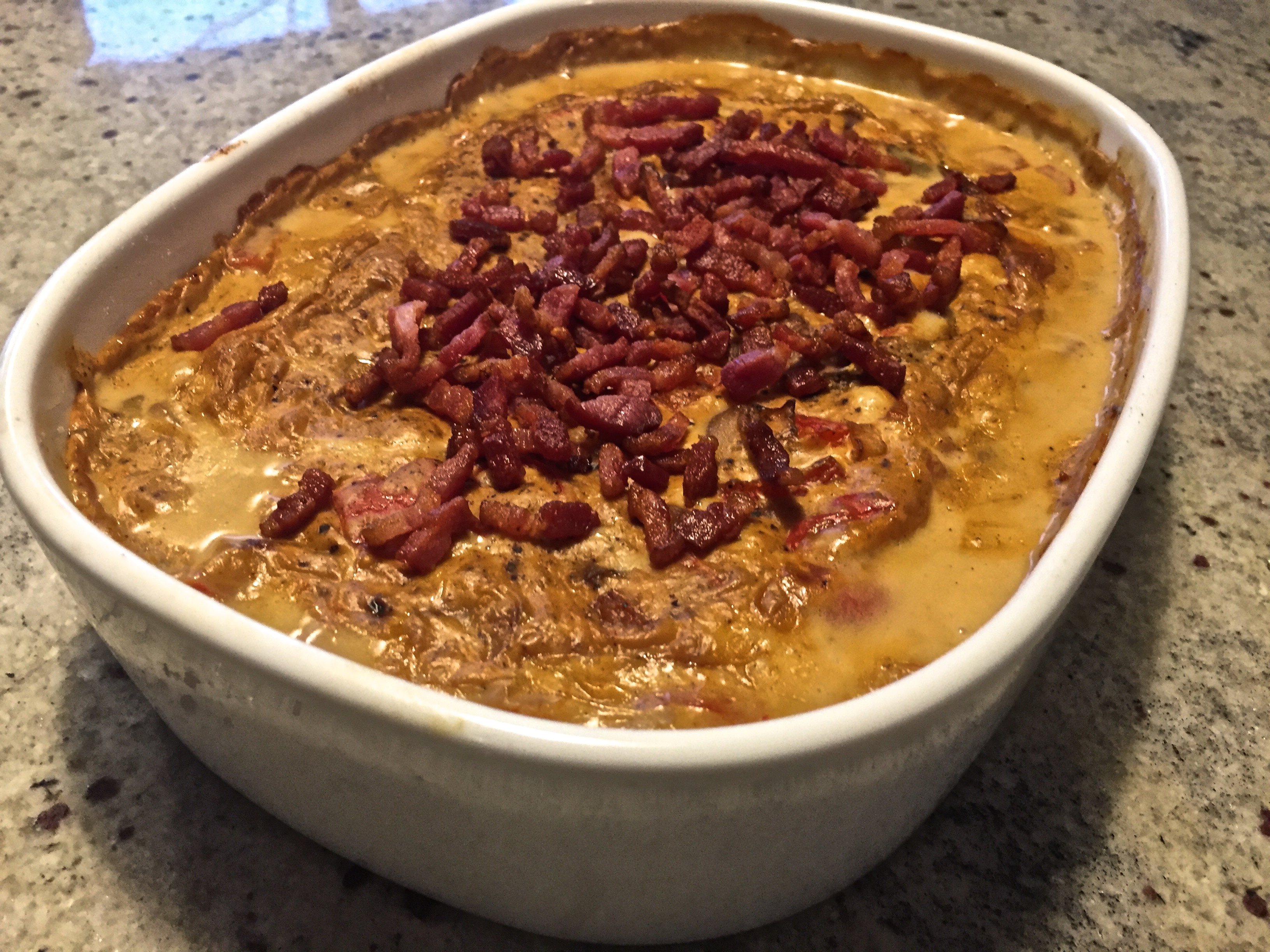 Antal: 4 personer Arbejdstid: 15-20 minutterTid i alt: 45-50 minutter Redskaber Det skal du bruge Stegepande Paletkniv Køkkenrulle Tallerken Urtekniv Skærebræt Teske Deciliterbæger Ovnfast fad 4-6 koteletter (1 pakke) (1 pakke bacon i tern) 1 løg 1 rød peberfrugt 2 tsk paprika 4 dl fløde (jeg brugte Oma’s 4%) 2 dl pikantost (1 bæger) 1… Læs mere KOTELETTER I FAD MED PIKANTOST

* * *

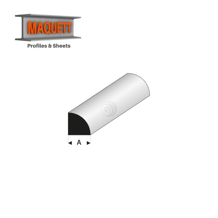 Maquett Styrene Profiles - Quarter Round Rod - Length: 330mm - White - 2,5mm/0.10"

* * *

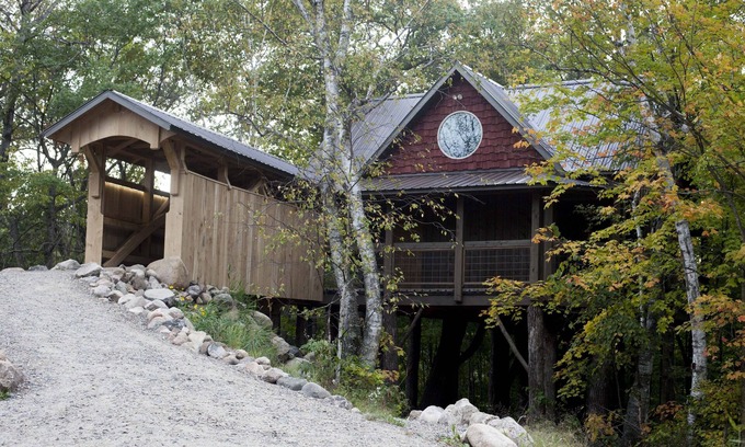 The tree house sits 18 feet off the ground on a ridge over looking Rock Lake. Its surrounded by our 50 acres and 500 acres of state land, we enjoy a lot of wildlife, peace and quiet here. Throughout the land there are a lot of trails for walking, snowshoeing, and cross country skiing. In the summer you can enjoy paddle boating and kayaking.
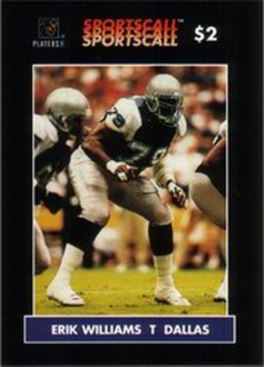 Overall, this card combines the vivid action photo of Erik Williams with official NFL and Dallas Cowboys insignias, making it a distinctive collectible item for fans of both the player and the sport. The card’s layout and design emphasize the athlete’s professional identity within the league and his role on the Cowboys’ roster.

**What to produce**
Beginning with the line that contains "The tree house" and ending with the line that contains "Overall, this card", reproduce the listing exactly, pictures excluded.

**Task answer**
 The tree house sits 18 feet off the ground on a ridge over looking Rock Lake. Its surrounded by our 50 acres and 500 acres of state land, we enjoy a lot of wildlife, peace and quiet here. Throughout the land there are a lot of trails for walking, snowshoeing, and cross country skiing. In the summer you can enjoy paddle boating and kayaking.
 Overall, this card combines the vivid action photo of Erik Williams with official NFL and Dallas Cowboys insignias, making it a distinctive collectible item for fans of both the player and the sport. The card’s layout and design emphasize the athlete’s professional identity within the league and his role on the Cowboys’ roster.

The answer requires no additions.